# [Data extract]
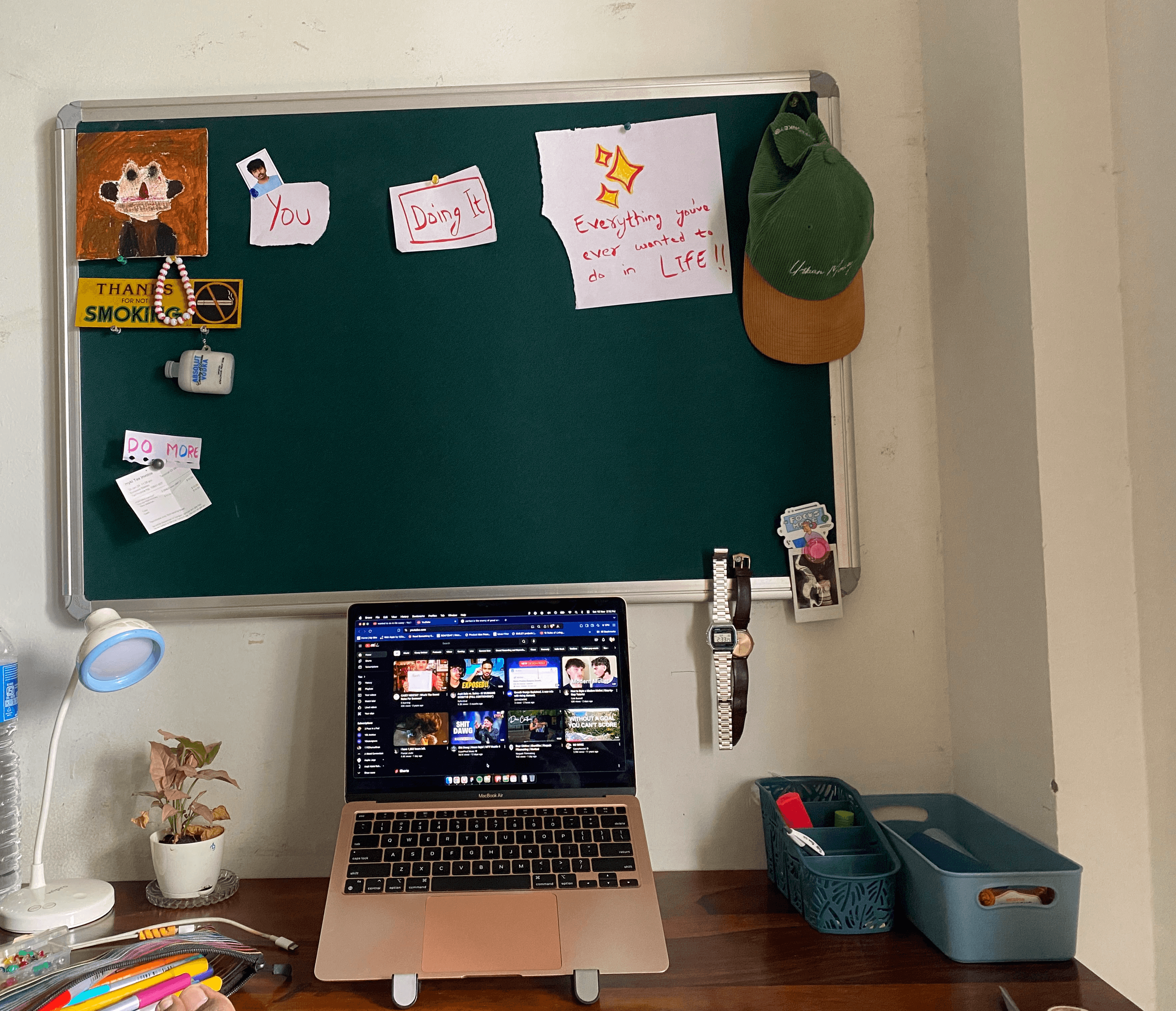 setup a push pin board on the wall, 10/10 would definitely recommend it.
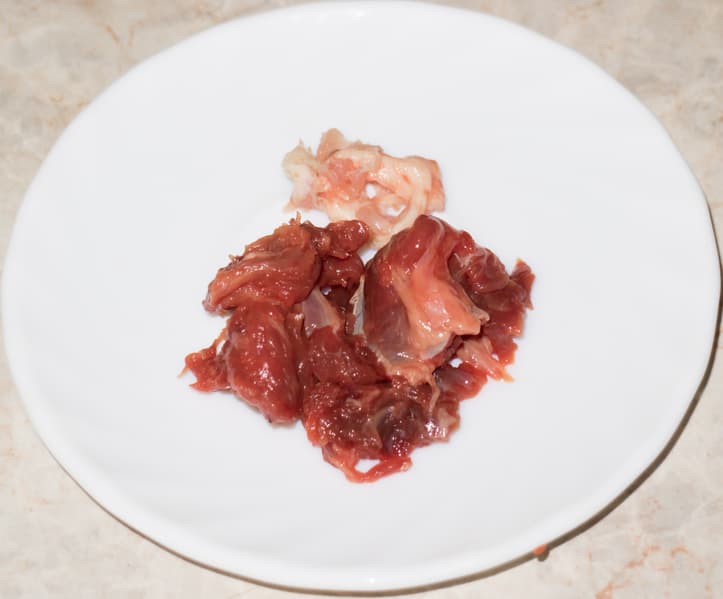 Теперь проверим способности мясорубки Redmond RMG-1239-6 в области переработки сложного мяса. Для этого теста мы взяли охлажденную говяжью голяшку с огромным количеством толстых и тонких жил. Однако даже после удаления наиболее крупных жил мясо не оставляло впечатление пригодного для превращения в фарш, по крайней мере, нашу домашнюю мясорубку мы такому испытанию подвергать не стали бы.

==

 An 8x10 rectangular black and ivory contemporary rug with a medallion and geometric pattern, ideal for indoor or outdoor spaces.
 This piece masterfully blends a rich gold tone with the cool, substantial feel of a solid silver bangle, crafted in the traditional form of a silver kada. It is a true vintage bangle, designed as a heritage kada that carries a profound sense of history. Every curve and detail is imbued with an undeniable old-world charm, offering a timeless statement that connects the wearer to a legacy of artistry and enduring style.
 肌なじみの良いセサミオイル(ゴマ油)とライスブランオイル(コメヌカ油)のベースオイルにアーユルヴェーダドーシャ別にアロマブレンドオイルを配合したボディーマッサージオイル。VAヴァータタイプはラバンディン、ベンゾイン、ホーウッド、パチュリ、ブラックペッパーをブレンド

# [Your objective]
From the listing above, the lines starting with the one that has "This piece masterfully" and running through the one that has "肌なじみの良いセサミオイル(ゴマ油)とラ" should be copied exactly, ends included.

# [Solution to this problem]
 This piece masterfully blends a rich gold tone with the cool, substantial feel of a solid silver bangle, crafted in the traditional form of a silver kada. It is a true vintage bangle, designed as a heritage kada that carries a profound sense of history. Every curve and detail is imbued with an undeniable old-world charm, offering a timeless statement that connects the wearer to a legacy of artistry and enduring style.
 肌なじみの良いセサミオイル(ゴマ油)とライスブランオイル(コメヌカ油)のベースオイルにアーユルヴェーダドーシャ別にアロマブレンドオイルを配合したボディーマッサージオイル。VAヴァータタイプはラバンディン、ベンゾイン、ホーウッド、パチュリ、ブラックペッパーをブレンド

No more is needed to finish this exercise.